Well, considering the actual definition for evolution is "a change in allele frequencies over time," it's technically impossible for anyone to say evolution is, as you put it, "a fake." Basically that means there's a certain percentage of copies of at least two kinds of each gene in a population (individuals can't evolve), and over time, if they change, evolution of that population occurs. Seriously, all evolution really is is populations of organisms adapting to their environment. This doesn't usually require mutations, good, bad, or neutral. The variation in the population is usually enough. Now, whether these populations over time become new species (quite feasible, although that depends on which of the couple dozen species concepts you want to use), or even other kinds of animals (fish --> frogs, for example) is another question.
QUOTE(Rohtaren)
an animal or other organism can't decide what type of shape it will have when it is born.
example, the woodpecker couldn't decide when it first died of banging its beak on the bark of a tree that it would have a really hard beak or special tendons in the back of its head for support before it was born again... or whatever.

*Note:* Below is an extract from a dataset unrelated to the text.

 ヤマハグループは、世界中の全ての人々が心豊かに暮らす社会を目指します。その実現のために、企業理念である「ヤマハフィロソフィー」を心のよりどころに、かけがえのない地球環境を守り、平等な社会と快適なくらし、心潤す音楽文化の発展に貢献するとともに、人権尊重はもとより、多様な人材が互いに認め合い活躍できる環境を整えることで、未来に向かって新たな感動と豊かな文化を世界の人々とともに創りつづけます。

Yes, this is true. However, Lamarckism* is already quite well shown false. But what could have happened (and this is one of those things you just have to take on faith, but you can show similar things happening in other organisms) was there were some birds that found that bugs living under tree bark were quite tasty (nutritious) but that it was hard to get to them. Some of them may have had some feature that made them a little better at getting the bugs, so those birds were able to have more and/or healthier babies, who also have this ability/trait (assuming it's something they can pass on genetically), who in turn have more/healthier babies with this trait (perhaps more pronounced, as this trait is being "selected for" (which doesn't necessarily mean anything is choosing, natural selection is neutral, directionless, essentially "survival of the fittest," those best suited to the environment at that time (see Galapagos finches, sometimes the ones with the big, heavy beaks were favored, sometimes they weren't)) and so on. I will grant that that doesn't explain the structure of their skulls, tongues, and beaks (and I honestly don't have an explanation, so I'm not going to try to make one up).

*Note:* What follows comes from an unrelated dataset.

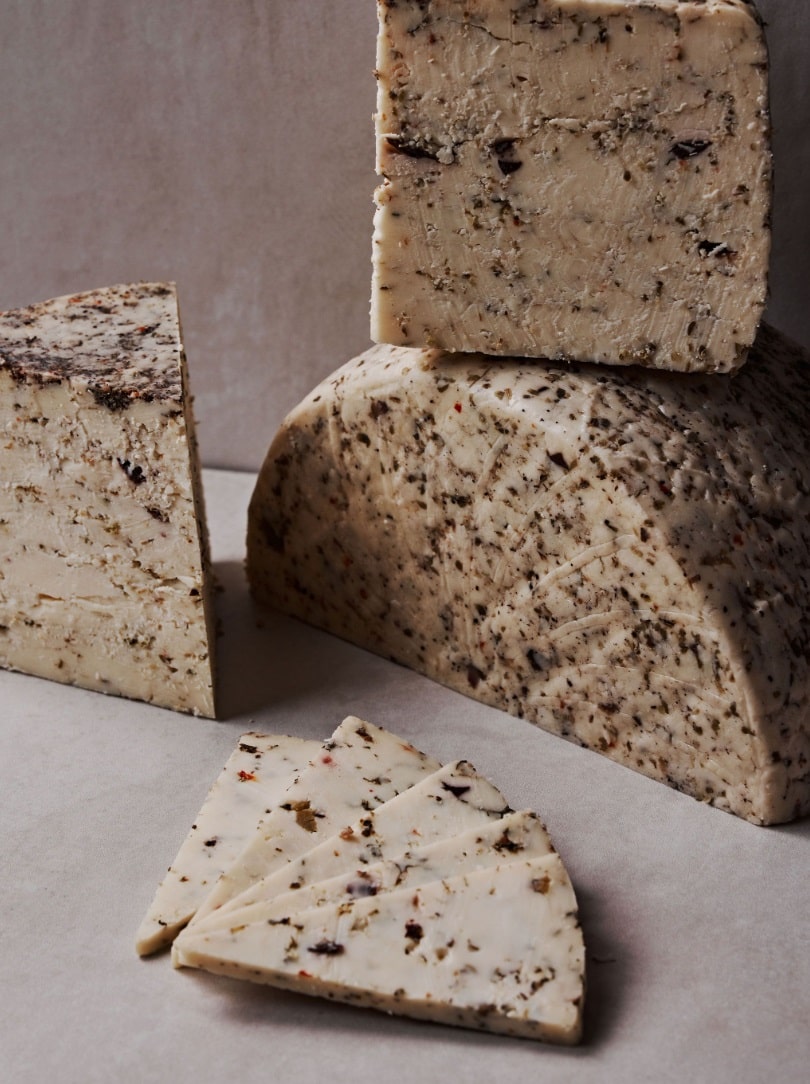 Cypress is a Mediterranean-inspired cheese flavored with a variety of olives, Calabrian chilis, basil, tomato, and dill. This pasteurized cheese has a semi-firm texture and herbaceous finish.

*Lamarck's idea was basically that an individual could adapt to its environment. Most famous example, the giraffe, he thought that it started with a short neck, and it stretched its neck to reach higher leaves, then this was passed on to the offspring, who also stretched -their- necks, passed that on, and so on until modern giraffes.
QUOTE(Rohtaren)
besides, what is the probablitity that two organisms (of the opposite gender from each other) that have the same mutations (which is also rare) would meet each other, mate, and manage to not kill each other because they might be from waring groups or some other thing like that.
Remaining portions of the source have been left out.